When a user’s inventory is very low (less than 10 pieces of new content per day), they will likely consume all available content each time they log in. This is most often the case when people first join a product and don’t yet have many connections. As mentioned above, the Product team should consider these users “needy” and focus on suggesting relevant connections and content that would delight them. In this situation, ranking content is useless and, if low inventory continues as a cohort ages, it will be very difficult to retain these users.

Low inventory

When a user’s inventory is low (say less than 50 pieces of new content per day), several issues may be to blame: they may not have enough friends using the product, the product may not be recommending the right connections. Engagement may also suffer if there is too little content that appeals to the user. If such a user is consuming most of the content available to them, consider that a significant opportunity and work to offer them more. Conversely, when a low-inventory user is not consuming all of their available content, that may reflect more on their engagement with the product itself.

High inventory

Generally, a high-inventory (say more than 50 pieces per day) user is connected to more friends, pages and groups. They also tend to consume a greater percentage of their available inventory, have more sessions and spend more time using the product. These users will generally have higher DAU/MAU and will visit the product regularly. Ranking algorithms are invaluable levers for increasing engagement in this group, as these users cannot consume all inventory available to them. It is also important to deeply understand the types of content they prefer and offer the right mix of social, entertainment and informational.

Very high inventory

While users in this group will have more inventory than others (say more than 200 pieces per day) and will generally consume more content, the percentage of available inventory consumed is relatively low; these users have far more content than they can possible consume. As with high-inventory users, ranking is critical to maintaining and improving the engagement of this group.
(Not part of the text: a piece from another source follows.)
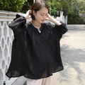 風通しの良い ふんわり柔らかライトコットン✨ 羽織る コットン シャツ ブラック 0674BK

INVENTORY: KEY METRICS TO TRACK

  • Amount of inventory available
  • Number of connections
  • Consumption of available inventory
  • Number of posts consumed
  • Percent of users who are inventory constrained

When tracking inventory metrics, segmenting your data by country, gender, type of connection (friend, celebrity, business, group), content type (text, video, photo, etc.) and platform (iOS, Android, desktop) may lead to a clearer picture on how your inventory is performing.

TAKEAWAYS

  • Increasing the right connections helps drive engagement.
  • Identifying needy users and ensuring they have a great experience is paramount to long-term product success.
  • Understanding the consumption and availability of inventory for different segments and identifying specific opportunities will help serve them better and thereby improve the overall product.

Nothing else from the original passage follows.